Festival international du film d’Afrique et des îles du 4 au 12 octobre 2008 au Port

Un festival aux couleurs de l’Afrique et des îles

24 septembre 2008

Au programme, l’Afrique, les îles et les diasporas. Il traite d’un domaine particulier qui souligne une décolonisation, avec ses ambiguïtés et ses ambivalences, mais ce festival s’ouvre également au grand public avec 100 titres et 80% d’inédits à La Réunion. Les thématiques restent diverses “Sports, danses, musiques, moringues”, “Dékoloni”, une orthographe qui s’inspire du beau poème “Makes Kréoloni” de Boris Gamaleya paru dans la revue “Les Cahiers de La Réunion”. Films sur la décolonisation, au sens propre et historique que les programmes de nos collèges et lycées étudient, mais plus subtilement, les “décolonisations” des pays qui ne se croient pas ou plus colonisés (ou plus colonisateurs)...

La sélection

Mohamed Saïd-Houma, chargé de production du Festival international du film d’Afrique et des îles, et assistant à la programmation nous explique comment s’est effectuée la sélection.

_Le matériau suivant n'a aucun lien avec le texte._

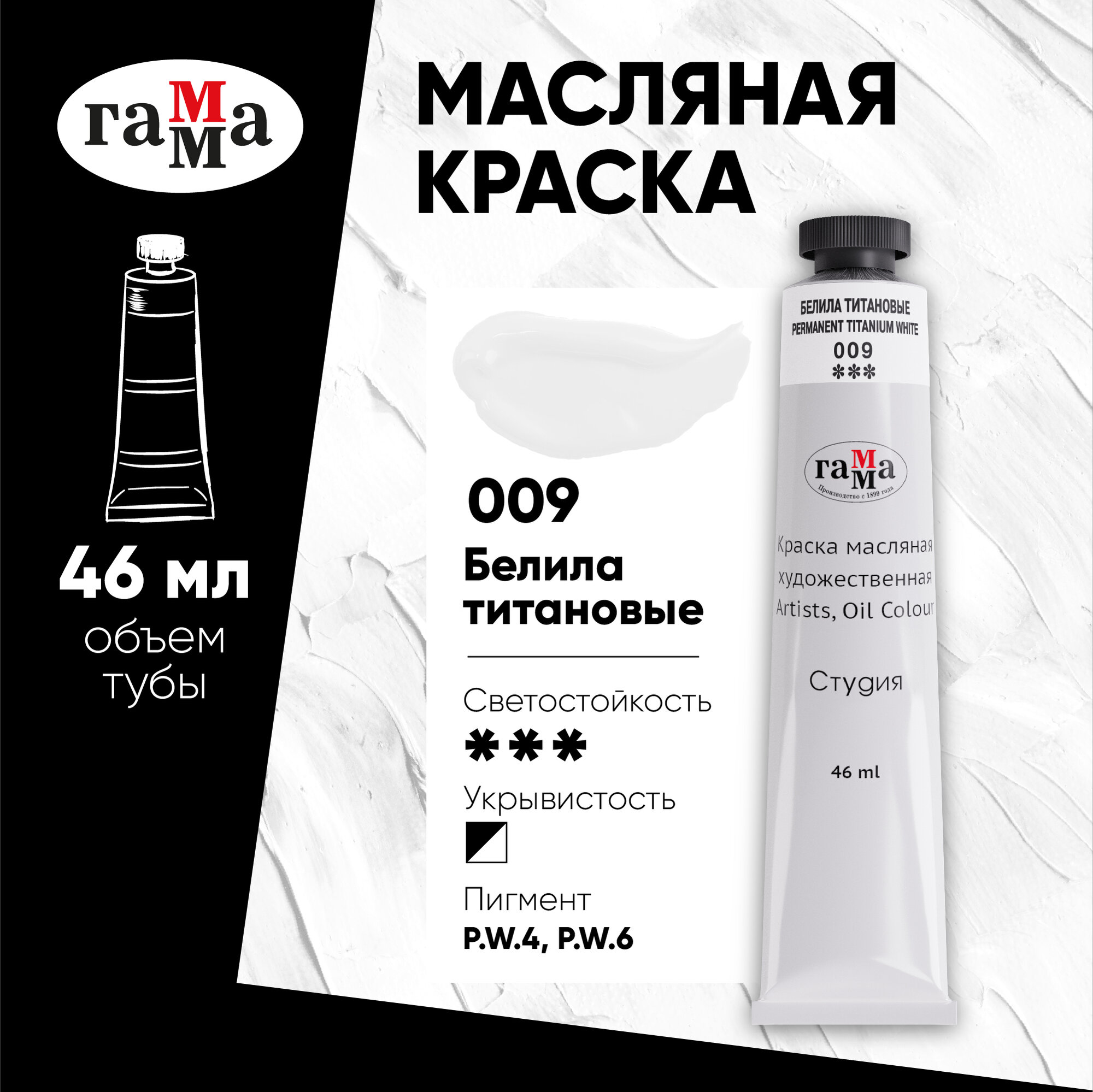 Краска масляная художественная Гамма "Студия", 46мл, туба, белила титановые информация:

« La sélection s’est faite selon certains conjonctures et paramètres. Il faut savoir qu’on a tenu compte également d’un circuit. Il y a eu un appel à proposition. Les réalisateurs envoient tout simplement leurs films et nous, on sélectionne en fonction des thématiques que nous voulons développer au sein de ce festival. On a tenu compte également de l’actualité, des conjonctures et des réalités qui pouvaient intéresser le public. Les critères restent par ailleurs un certain langage cinématographique, avec des écoles spécifiques, l’exploitation de certains champs et aussi la rareté. Nous avons un focus spécial sur l’Afrique du Sud et l’Afrique australe, des films sur les Antilles françaises et non françaises. Nous avons fait un clin d’œil sur le cinéma dans la région, d’ailleurs, il y a aura tout un après-midi qui lui sera dévoué, le dimanche 12 octobre ».

Parmi les invités

Nous avons invité un réalisateur malgache et une réalisatrice comorienne. Des Antilles, vous avons deux invités de marque avec Tony Cocovillon du bureau des actualités et Camille Mauduech de la Martinique, qui nous présente “les Seize de Basse-Pointe”. En 1948, nous sommes en plein débat sur la départementalisation et un meurtre n’a pas été élucidé. Ce film retrace une période de décolonisation avec toutes ses ambiguïtés et ses ambivalences. Il dure 140 minutes. C’est un film en 35 mm à ne pas rater.

Nous avons également, de la Guinée, le réalisateur Cheick Fantamady Camara qui présente “Il va pleuvoir sur Conakry”, ce film à la tradition. Vous aurez la réalisatrice Kadiatou Konaté du Mali, elle présente la condition des femmes au Mali, et enfin, vous pourrez découvrir Bakary Sanon du Burkina Faso qui nous présentera la section documentaire avec notamment “Le naufrage négro-libéral” et “Marche ou crève”, le dernier documentaire traitant des petits vendeurs ambulants des rues d’Afrique ; c’est quelqu’un qui a déjà une renommée internationale notamment au Fespaco de Ouagadougou, festival qui se déroule tous les deux ans.


Un festival consacré à la création

Par son choix de se consacrer avant tout à celles qui réalisent, il réserve également à ses publics la surprise des premières :

- “Au-delà de Cap noir”,

- l’étonnant film français “Avoue que tu mens”,

- Kriké-kraké, introduction au conte réunionnais,

- Kartié moringué...

- et la première de la version française du dessin animé sud-africain de long-métrage “Tengers”, mœurs du Gauteng, la Région de Johannesbourg... (adultes).


Un festival avec des expositions

Une exposition à la Médiathèque, pour inciter le public à aller aux séances du festival, notamment les jeunes : Exposition du dessinateur de rue malgache Doda Razafy et d’autres expositions dont une, photographique, de Jack Beng-Thi.